The following is a summary of terms of the ELEMENTS SM Linked to the Benjamin GrahamSM Small Cap Value Index—Total Return due August 14, 2023 (the “Securities”), as well as a discussion of risks and other considerations you should take into account when deciding whether to invest in the Securities. The information in this section is qualified in its entirety by the more detailed explanations set forth elsewhere in this pricing supplement and the accompanying prospectus supplement and prospectus. References to the “prospectus” mean our accompanying prospectus, dated September 29, 2009, and references to the “prospectus supplement” mean our accompanying prospectus supplement, dated September 29, 2009, which supplements the prospectus.

We may, without your consent, create and issue securities in addition to those offered by this pricing supplement having the same terms and conditions as the Securities. We may consolidate the additional securities to form a single class with the outstanding Securities.

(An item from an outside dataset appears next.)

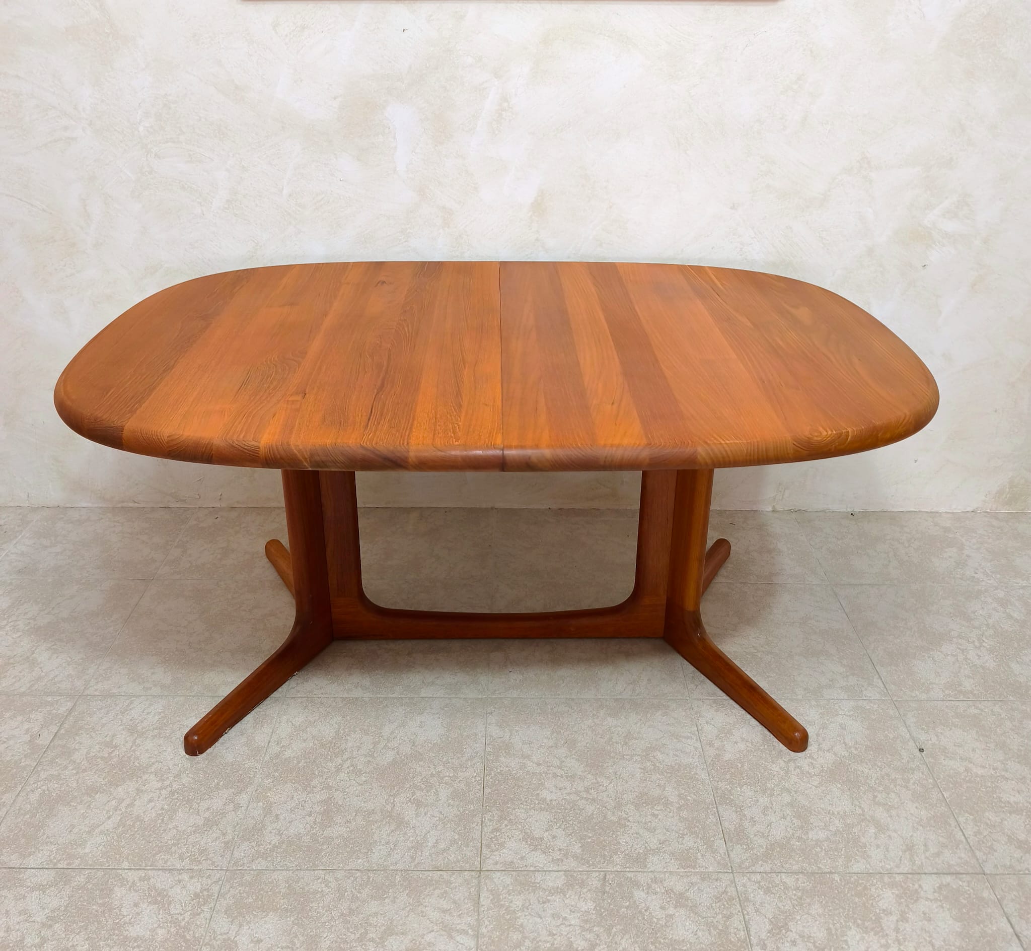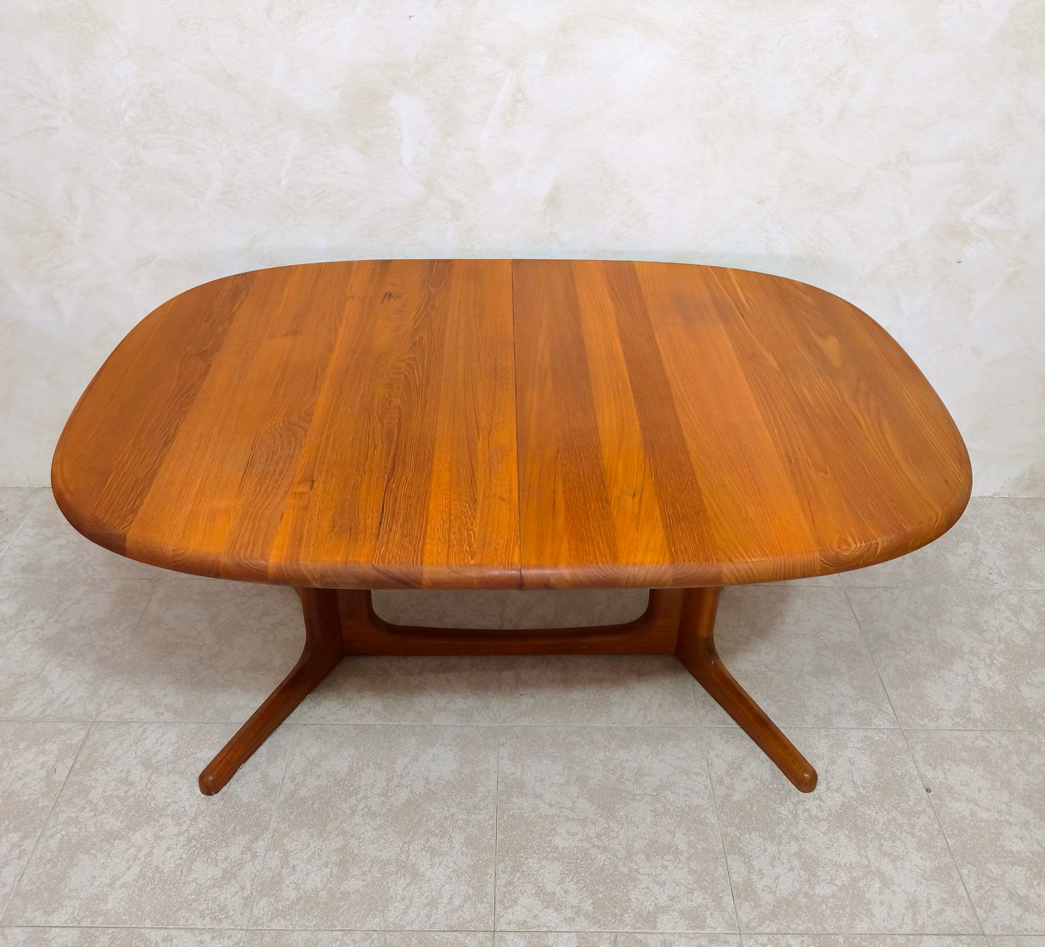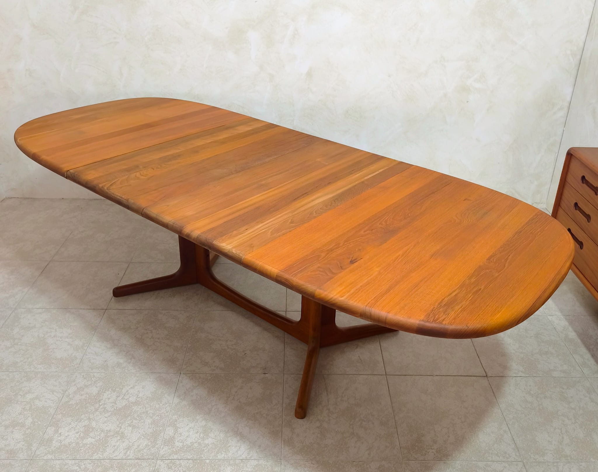 REF: AJ887 – Mesa de comedor extensible ovalada danesa Glostrup de madera maciza de teca de los años 60 de la marca danesa Glostrup con patas en marco de trineo.

This section summarizes the following aspects of the Securities:

 

 

What are the Securities and how do they work?

 

 

How do you sell your Securities?

 

 

How do you offer your Securities for repurchase by Deutsche Bank?

 

 

What are some of the risks of the Securities?

 

 

Is this the right investment for you?

 

 

What are the tax consequences of an investment in the Securities?

 

 

How do you calculate the payment on the Securities?

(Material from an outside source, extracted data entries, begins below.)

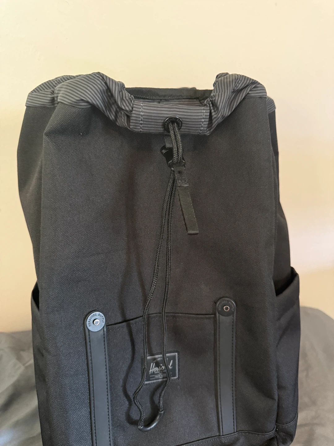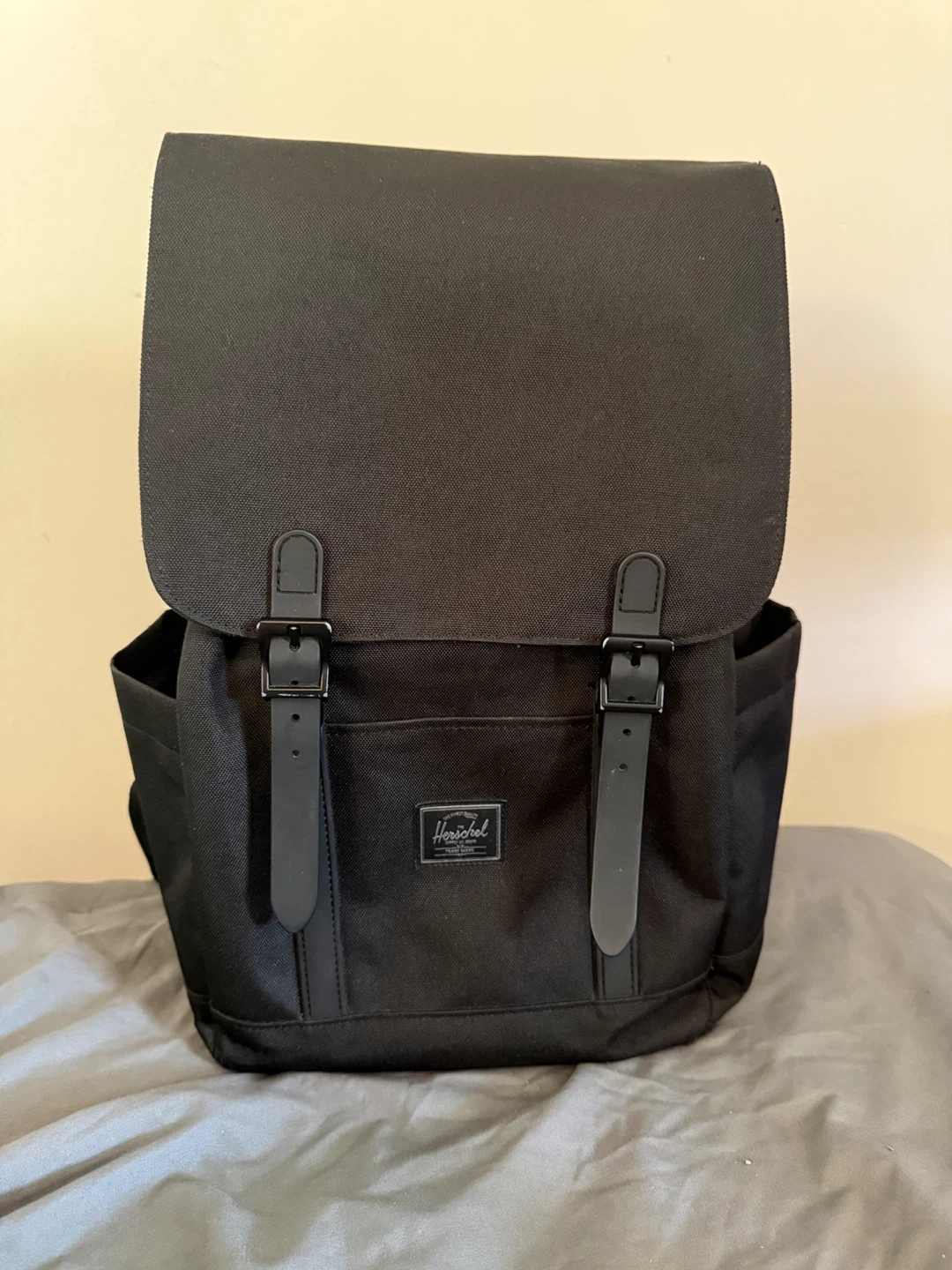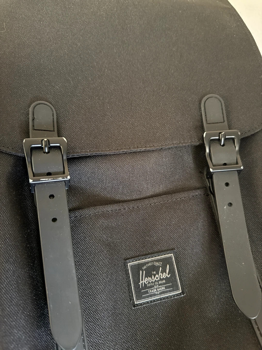 Herschel Retreat™ Small Backpack 17L - Black Tonal Selling a Herschel Supply Co. backpack in black. Perfect for school, work, or travel. Can fit 13/14” laptop. Padded straps. Discoloration in buckles as shown in the picture. Used for work for a month then put into a storage as I find it too big for me.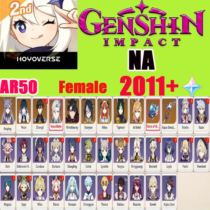 [NA]AR50|FiveStars*9|ZhongliC2+[Neuvillette+arms]+[Yelan+arms]+Wriothesley+Xianyun+Nilou+Ai Kefei+Keqing+Tighnari]+Five Star Weapons*2+Four stars*26||Email not set||See description and pictures for details|Fast shipping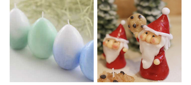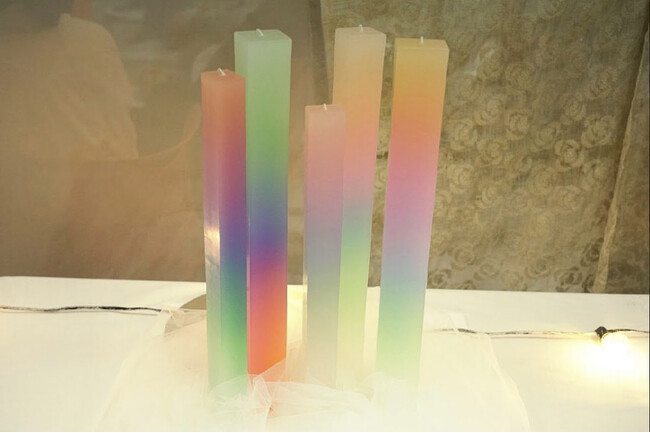 ホイッピングしたワックスを手で捏ねて造形し、火を灯した際の流ロウにも配慮した作品

What are the Securities and how do they work?

The Securities are senior unsecured obligations of Deutsche Bank, acting through its London branch, that are linked to the performance of the Benjamin Graham Small Cap Value Index—Total Return (the “Index”).

 

The Index tracks the value of a portfolio of small-cap U.S. stocks that are selected according to the Benjamin Graham Methodology (the “Methodology”). The Methodology seeks to identify businesses with strong, liquid balance sheets that trade at a discount to their implied intrinsic value, implementing the investment principles of Benjamin Graham through a quantitative, objective process utilizing modern portfolio theory and statistical analysis. The Methodology consists of four steps: (i) Universe Screening, (ii) Stock Selection, (iii) Semi-Annual Re-allocation, and (iv) Annual Reconstitution. The Index and the Methodology are described further in this pricing supplement. The Index was developed by Nuveen HydePark Group, LLC (“HydePark” or the “Index Sponsor”) and is calculated, maintained and published by Dow Jones Indexes (the “Index Calculation Agent”), a business unit of Dow Jones & Company, Inc.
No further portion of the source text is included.